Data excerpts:
◆ ◆ ◆ ◆ ◆ ◆ ◆

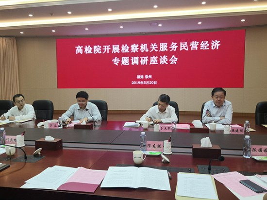5月20日,最高人民检察院组织部分全国人大代表到泉州市检察院开展检察机关服务民营经济专题调研座谈会,听取代表意见建议。最高人民检察院检委会专职委员、研究室主任万春,福建省检察院党组成员、副检察长叶燕培,泉州市检察院党组书记、检察长高扬捷等出席座谈会。全国人大代表、2007so太阳集团董事长熊建明参加座谈并发言,就修改《刑法》和围绕支持民营企业发展提出了多条意见和建议。
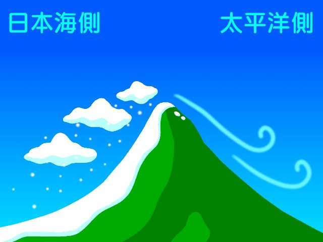 바다에서 불어오는 계절풍은 습기를 많이 머금고 있어 비나 눈이 많이 내리게 됩니다. 그런데 일본 열도에서는 ‘산맥’들의 영향을 받게 됩니다. 일본 열도의 산맥 위치에 따르면 일본해 쪽에서 습기를 머금은 바람이 불어와도 표고가 높은 산맥이 버티고 서 있어 넘지 못하게 되는 것. 일본해와 산맥 사이 지역에서, 습기를 품은 겨울 계절풍이 산맥을 타고 올라가다가 기온이 낮아져 비나 눈이 되어 내리는 것입니다.
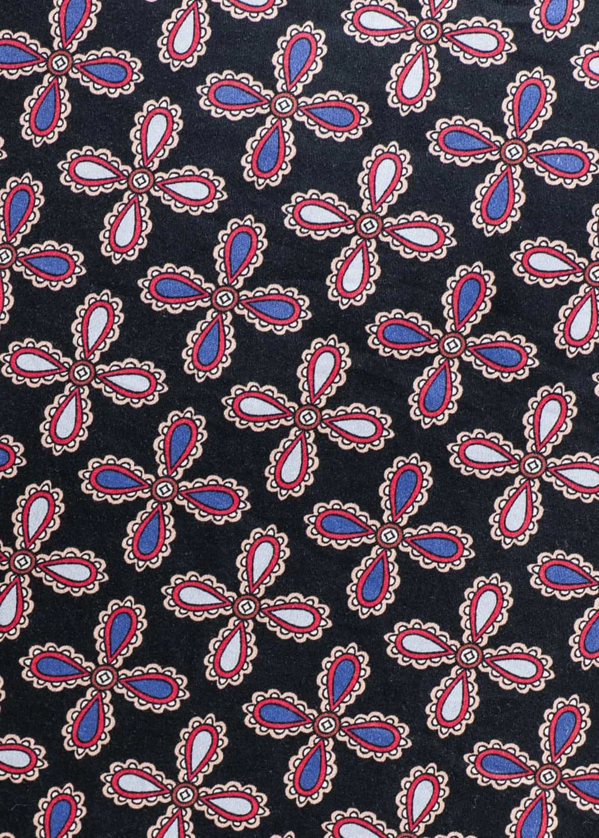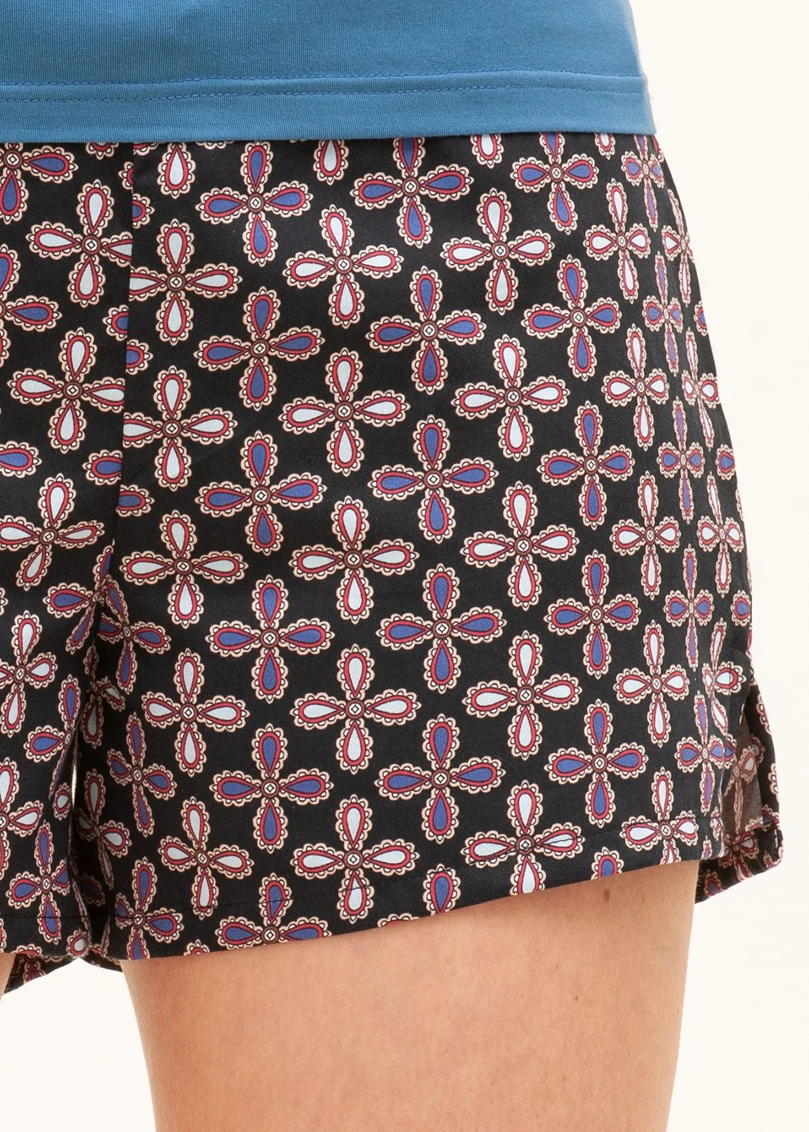 Summery pyjama shorts featuring a fun blue, red and purple motif on a striking black background. Made from a beautiful lightweight cotton. Flattering length and finished with a functional drawstring. Pyjamas and pj bottoms are also available in the same fabric as well as a men’s dressing gown.
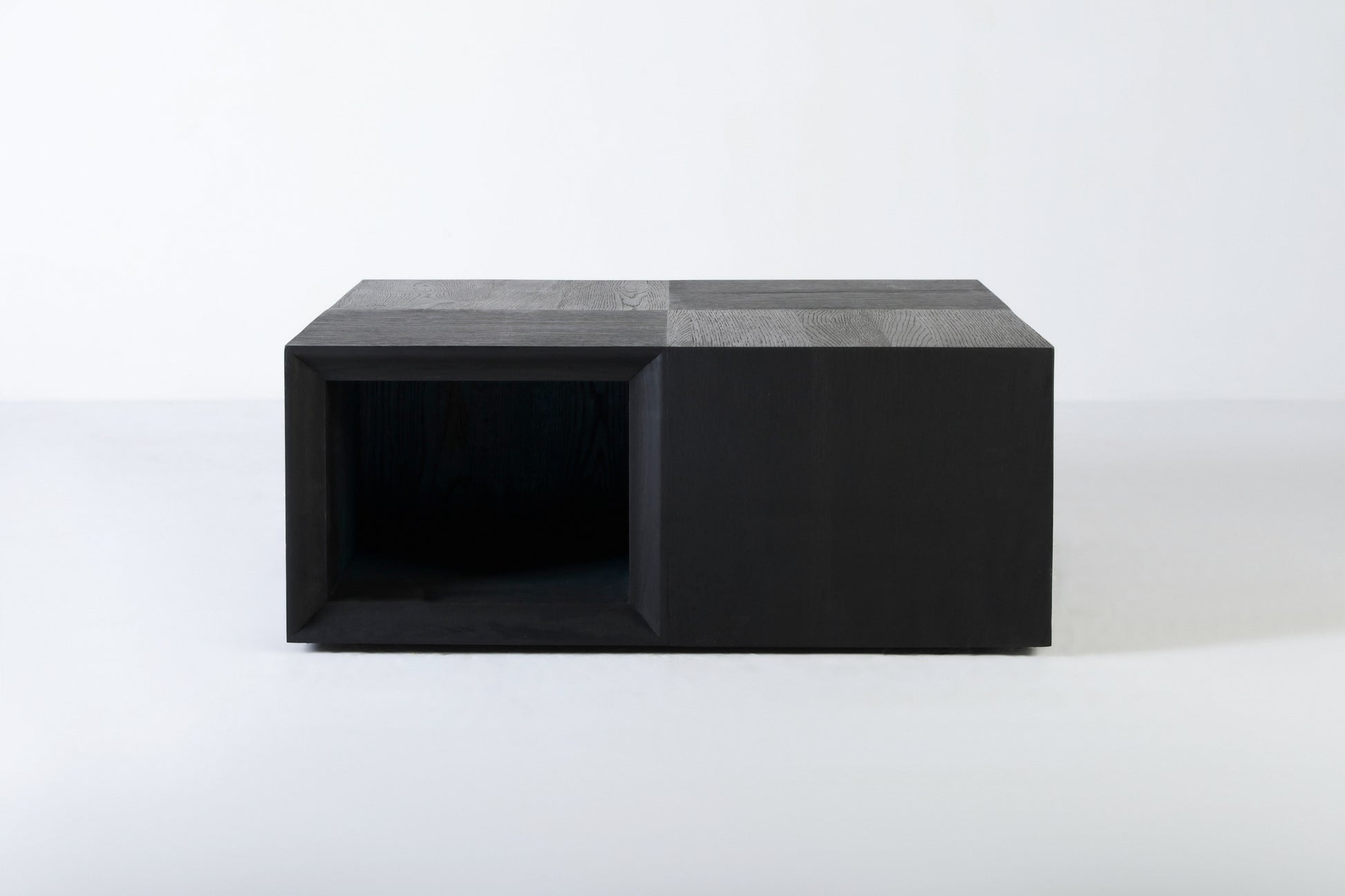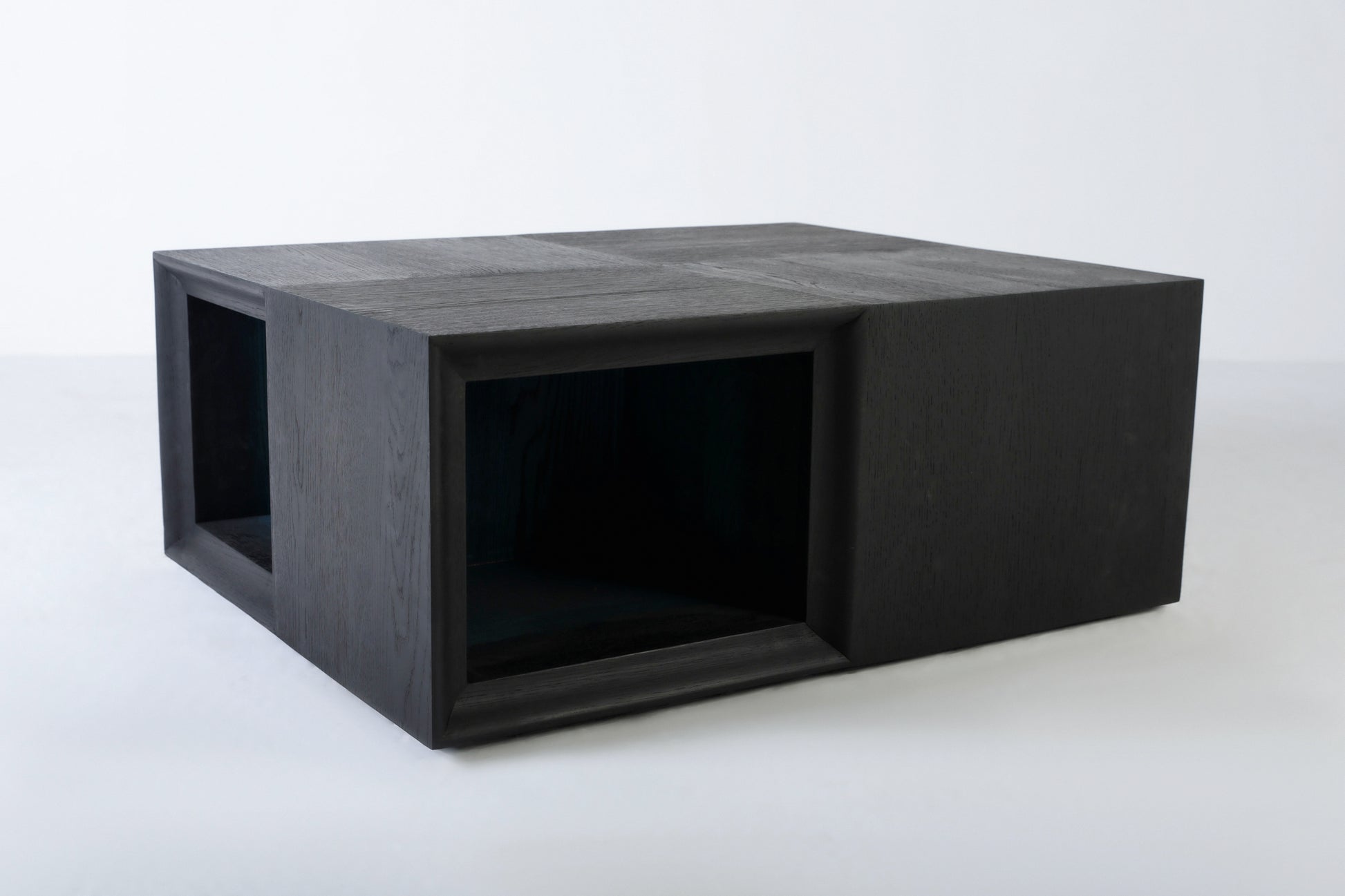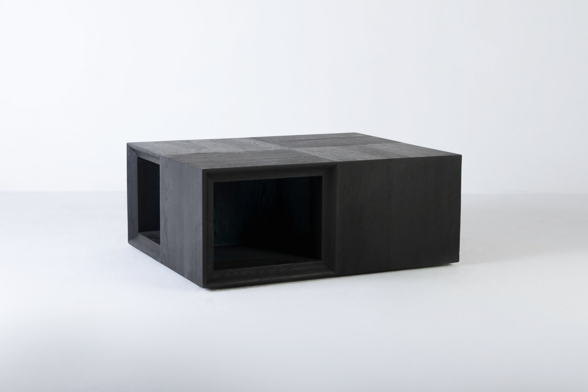 A stunning solid black oak coffee table, masterfully designed with a unique split into four sections. Each section serves as a functional space to hold books, creating both an artistic centrepiece and a practical storage solution.
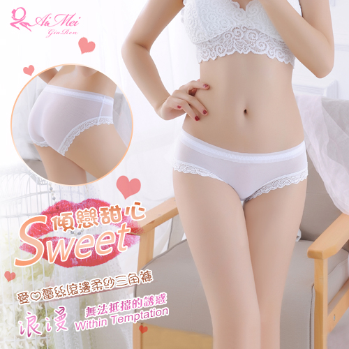 首頁 > 女性情趣內衣/褲 > 性感三/平角褲 > 傾戀甜心!愛心蕾絲滾邊柔紗三角褲﹝白﹞
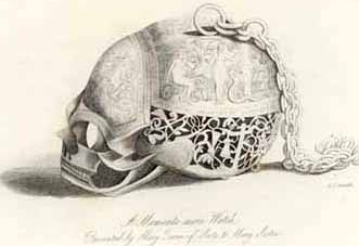 The curious relic, of which we herewith give an engraving, was presented by Mary, Queen of Scots, to her Maid of Honour, Mary Seaton, of the house of Wintoun, one of the four celebrated Maries, who were Maids of Honour to her Majesty."Yestreen the Queen had four Maries,[Illustration [++] Memento-Mori Watch.] [SG: I assume this is a version of the Charles John Smith engraving.]
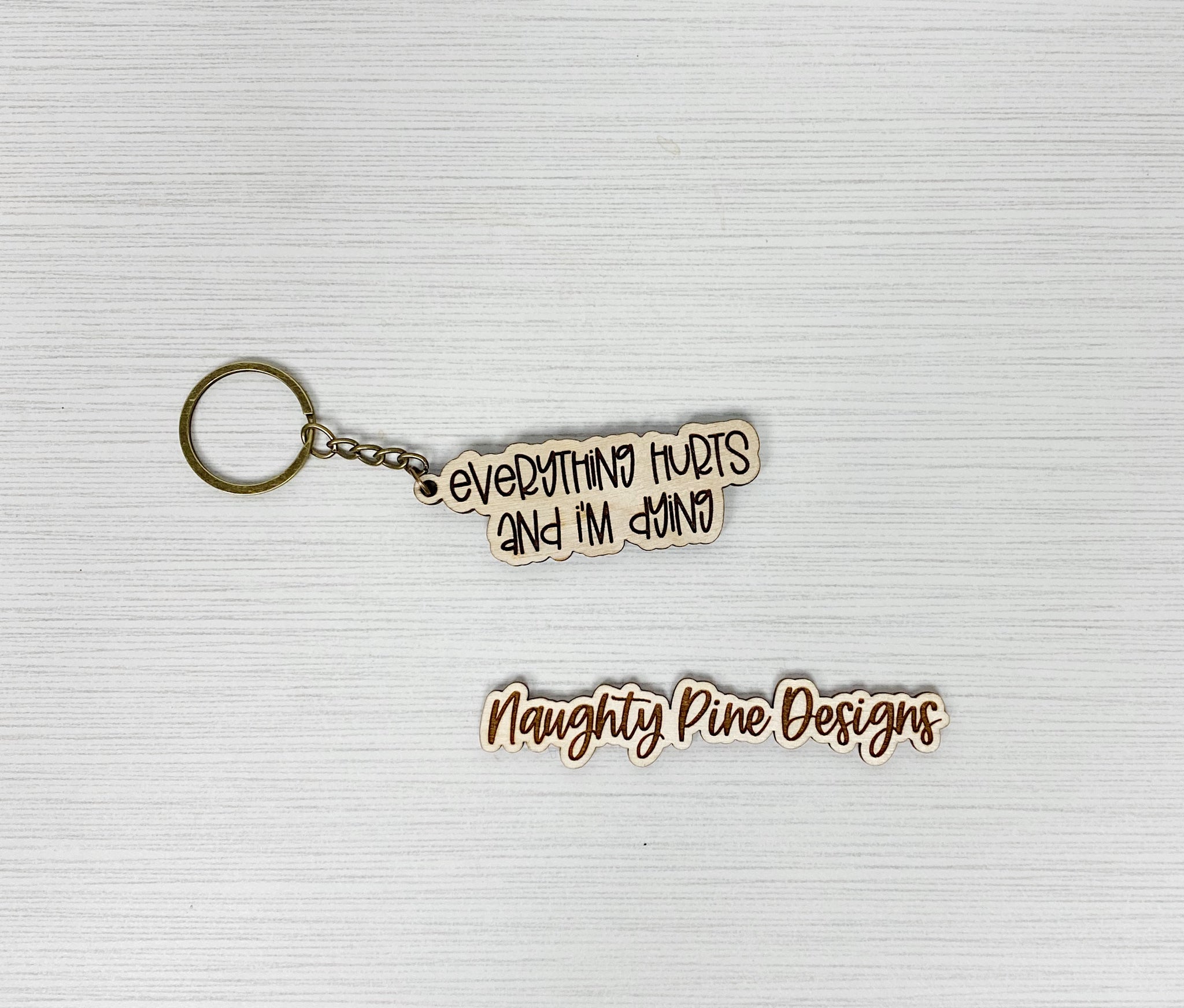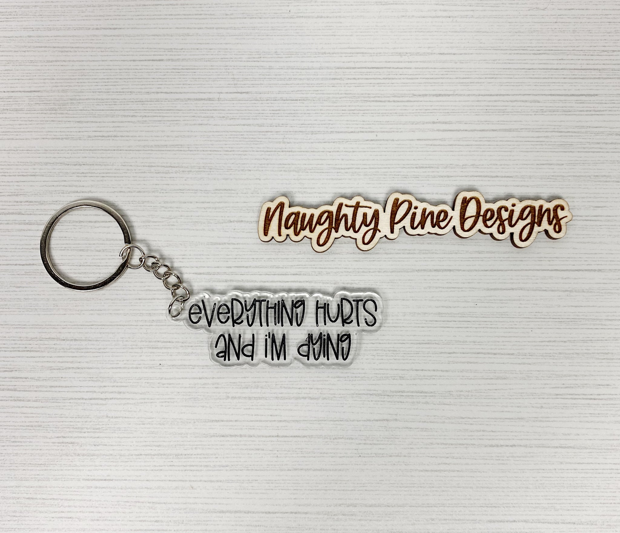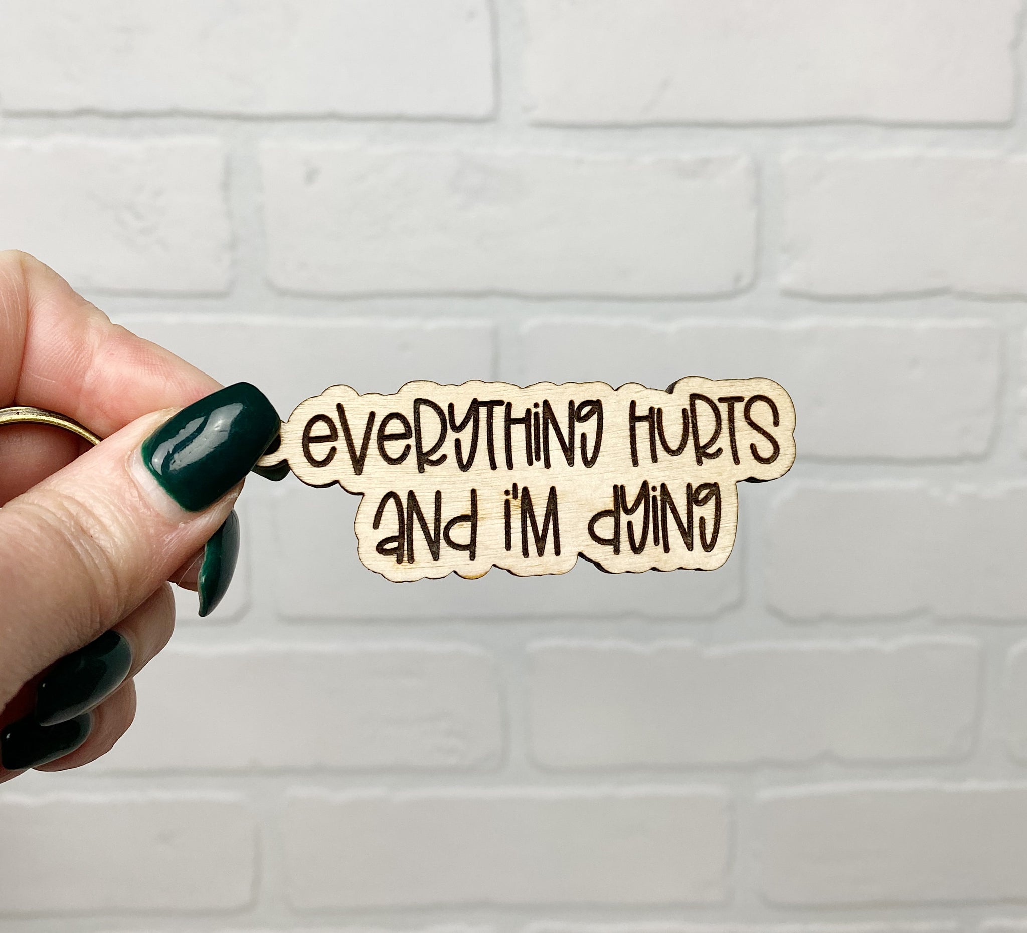 Everything Hurts And I'm Dying acrylic keychain. Your choice of acrylic or wood.
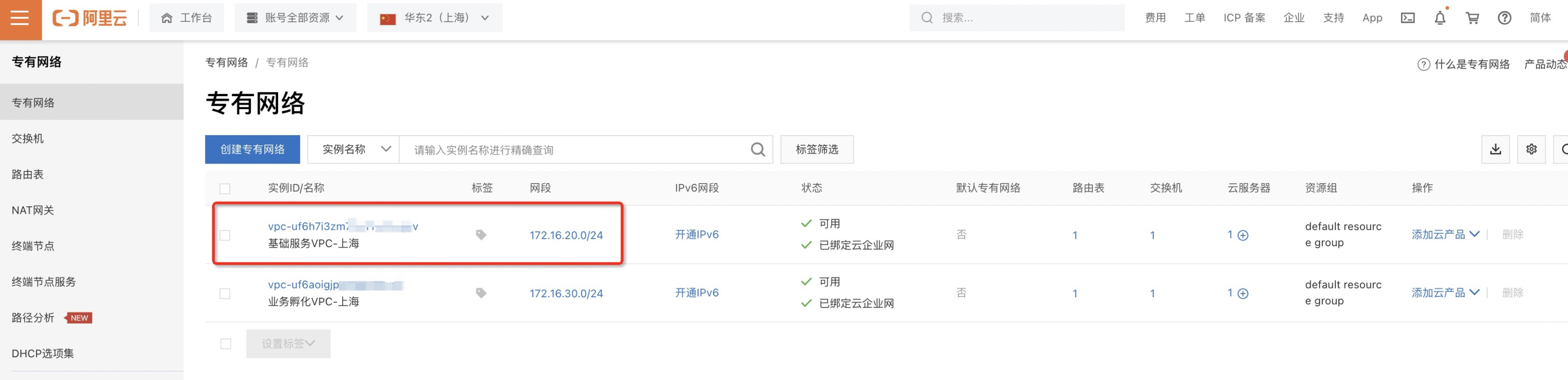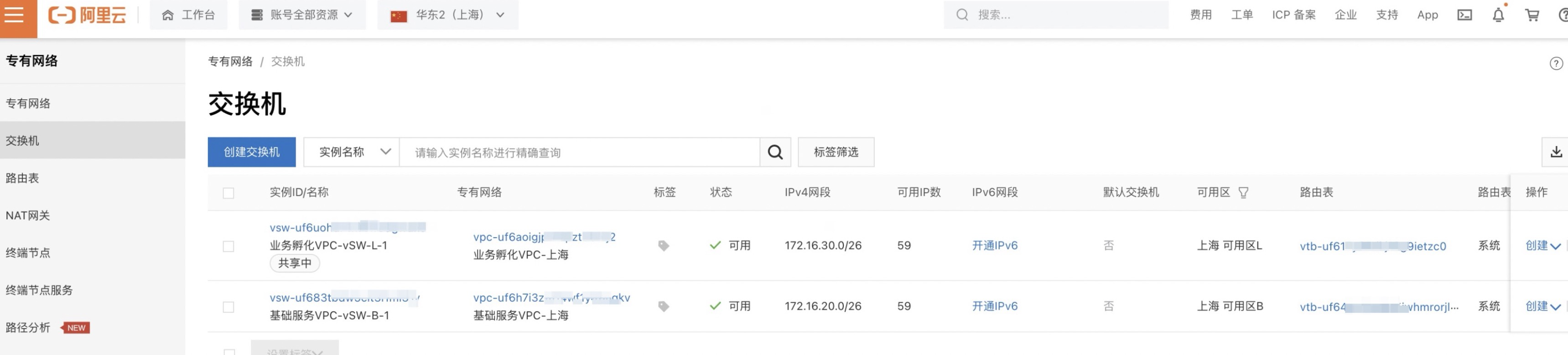 分别在基础服务VPC内创建一个交换机,并各自新增一台ECS,供测试连通性使用。

◆ ◆ ◆ ◆ ◆ ◆ ◆

→ EXERCISE
Please copy out the entries above exactly as they appear, but skip their images.

→ EXERCISE SOLUTION
5月20日,最高人民检察院组织部分全国人大代表到泉州市检察院开展检察机关服务民营经济专题调研座谈会,听取代表意见建议。最高人民检察院检委会专职委员、研究室主任万春,福建省检察院党组成员、副检察长叶燕培,泉州市检察院党组书记、检察长高扬捷等出席座谈会。全国人大代表、2007so太阳集团董事长熊建明参加座谈并发言,就修改《刑法》和围绕支持民营企业发展提出了多条意见和建议。
 바다에서 불어오는 계절풍은 습기를 많이 머금고 있어 비나 눈이 많이 내리게 됩니다. 그런데 일본 열도에서는 ‘산맥’들의 영향을 받게 됩니다. 일본 열도의 산맥 위치에 따르면 일본해 쪽에서 습기를 머금은 바람이 불어와도 표고가 높은 산맥이 버티고 서 있어 넘지 못하게 되는 것. 일본해와 산맥 사이 지역에서, 습기를 품은 겨울 계절풍이 산맥을 타고 올라가다가 기온이 낮아져 비나 눈이 되어 내리는 것입니다.
 Summery pyjama shorts featuring a fun blue, red and purple motif on a striking black background. Made from a beautiful lightweight cotton. Flattering length and finished with a functional drawstring. Pyjamas and pj bottoms are also available in the same fabric as well as a men’s dressing gown.
 A stunning solid black oak coffee table, masterfully designed with a unique split into four sections. Each section serves as a functional space to hold books, creating both an artistic centrepiece and a practical storage solution.
 首頁 > 女性情趣內衣/褲 > 性感三/平角褲 > 傾戀甜心!愛心蕾絲滾邊柔紗三角褲﹝白﹞
 The curious relic, of which we herewith give an engraving, was presented by Mary, Queen of Scots, to her Maid of Honour, Mary Seaton, of the house of Wintoun, one of the four celebrated Maries, who were Maids of Honour to her Majesty."Yestreen the Queen had four Maries,[Illustration [++] Memento-Mori Watch.] [SG: I assume this is a version of the Charles John Smith engraving.]
 Everything Hurts And I'm Dying acrylic keychain. Your choice of acrylic or wood.
 分别在基础服务VPC内创建一个交换机,并各自新增一台ECS,供测试连通性使用。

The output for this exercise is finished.